Housing and Urban Development (HUD) Secretary Ben Carson is frustrated by what he calls false reporting about a Trump administration policy decision on housing zoning, saying media coverage relied on racial stereotypes that ignore that most minorities live in suburbs.
Last month, the Trump administration reversed an Obama-Biden-era regulation that would have allowed HUD to abolish single-family zoning and require the construction of high-density apartment buildings (what the administration called "stack and pack" housing) in residential neighborhoods. The Trump administration pushed back on the Obama-Biden plan, saying it would erode the quality of life in suburban America. The move was widely attacked in the national media as racist.
"I've grown to expect little in the way of analysis or truth from most of the media," Dr. Carson told Just the News in a video interview at the White House. "So many of them said that our policy is racist, and we're trying to keep suburbs white and silly stuff like that. You know, they don't know the facts. They don't know that 52% of African-Americans live in the suburbs, that 60% of Hispanics live in the suburbs, 62% of Asian-Americans live in the suburbs."
Matt Schuck, HUD's director of strategic communications, told Just the News that the department examined the top 100 metropolitan areas by population size and found that 52% of African-Americans live in the suburbs, 60% of Hispanics, and 62% of Asian-Americans.
Research from other organizations has found similar trends. In a 2016 article in The Atlantic, for example, Alana Semuels cited this research from Brookings Institution fellow Elizabeth Kneebone: "Today, the majority — 52 percent — of African Americans in the nation's top 100 metro areas live in the suburbs of those regions ... In 2000, the majority — 55 percent — of African Americans in the 100 largest metro areas lived in the big cities that anchor those regions."
The Pew Research Center reported in 2018 that "Urban and suburban counties are becoming more racially and ethnically diverse at a much faster pace than rural counties," noting that since 2000, "the white population did not grow as sharply as other groups did, leading to a decline in the white share of the total U.S. and suburban populations."

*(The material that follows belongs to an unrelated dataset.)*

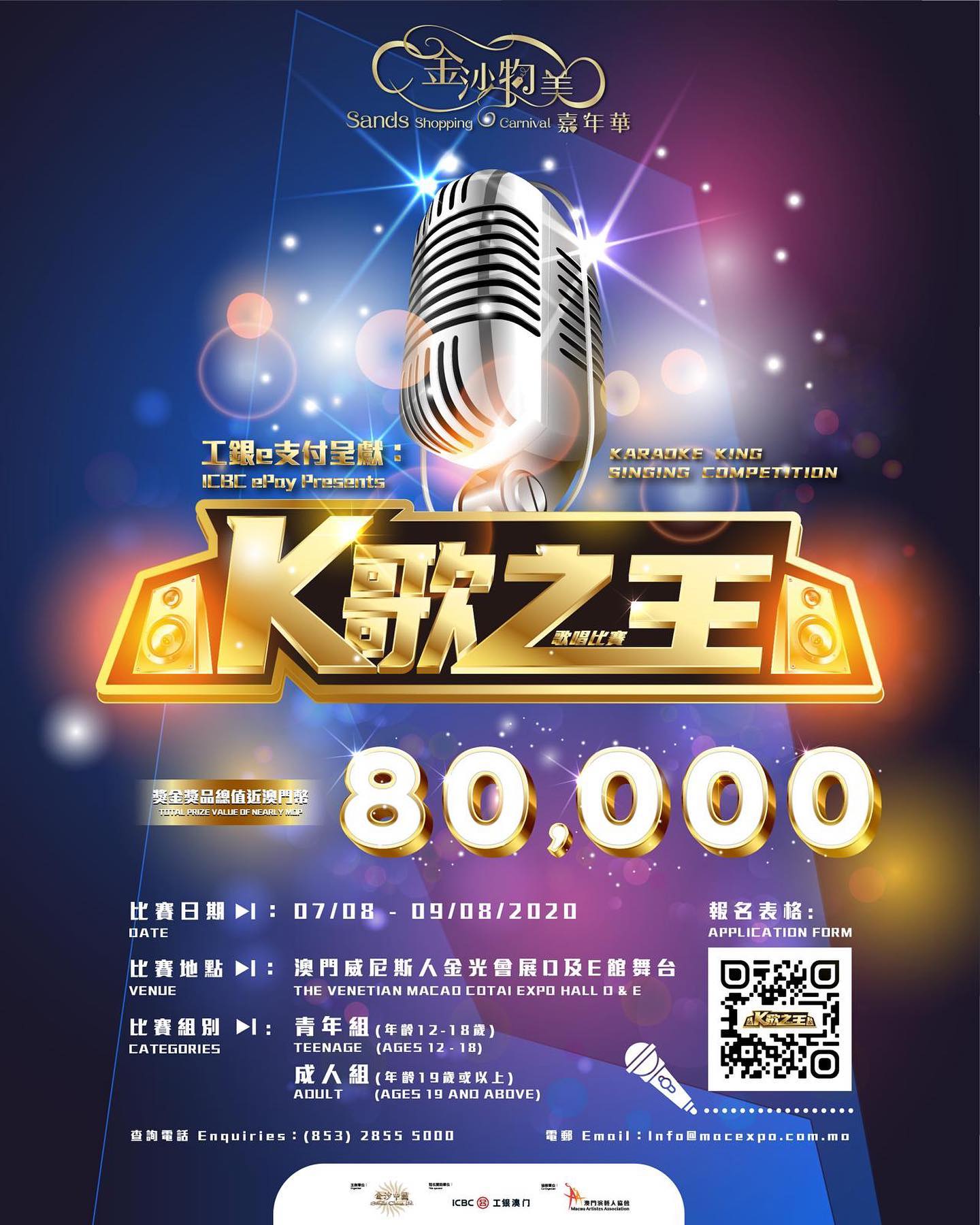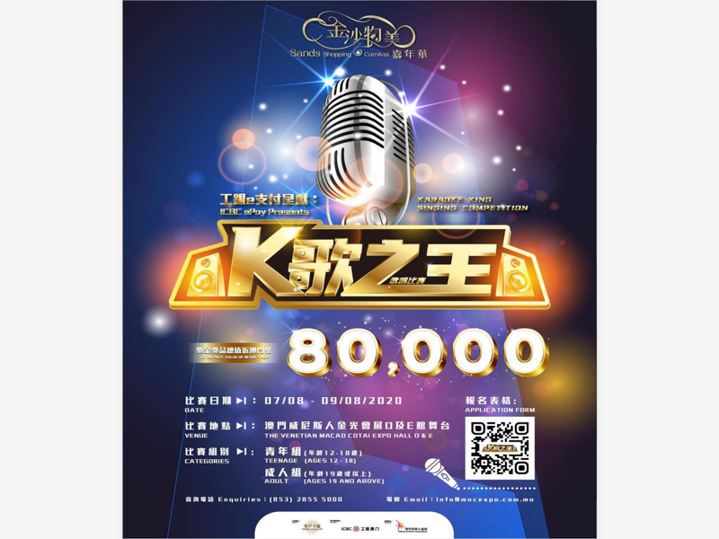 金沙物美嘉年華之「K歌之王歌唱比賽」,比賽開放予澳門居民參與,獎金獎品總值近澳門幣80,000元,馬上行動一展歌喉吧!

Carson and President Trump defended their policy change in a Wall Street Journal op-ed, writing: "Americans of all walks of life have voted with their feet and put down roots in the suburbs. Across income segments and demographic groups, households have higher rates of homeownership in the suburbs than in urban centers. Decades of liberal governance have tragically made many urban cities unaffordable and others unlivable, unable to provide for their citizens' basic needs in housing, public safety and education."
As renowned urbanist Richard Florida put it in a 2019 Bloomberg article: "Today's suburbs no longer look much like the lily-white places portrayed on 1950s and 1960s sitcoms."
Florida, a distinguished visiting fellow at New York University's Schack Institute of Real Estate, explained the changing complexion of the suburbs this way:
... There are two parts to this African-American suburbanization. On the one hand, it is the result of low-income African Americans being pushed out of gentrifying parts of cities. And on the other, it involves the black middle class choosing to move to more upscale suburbs. Taken together, they add up to considerable shift.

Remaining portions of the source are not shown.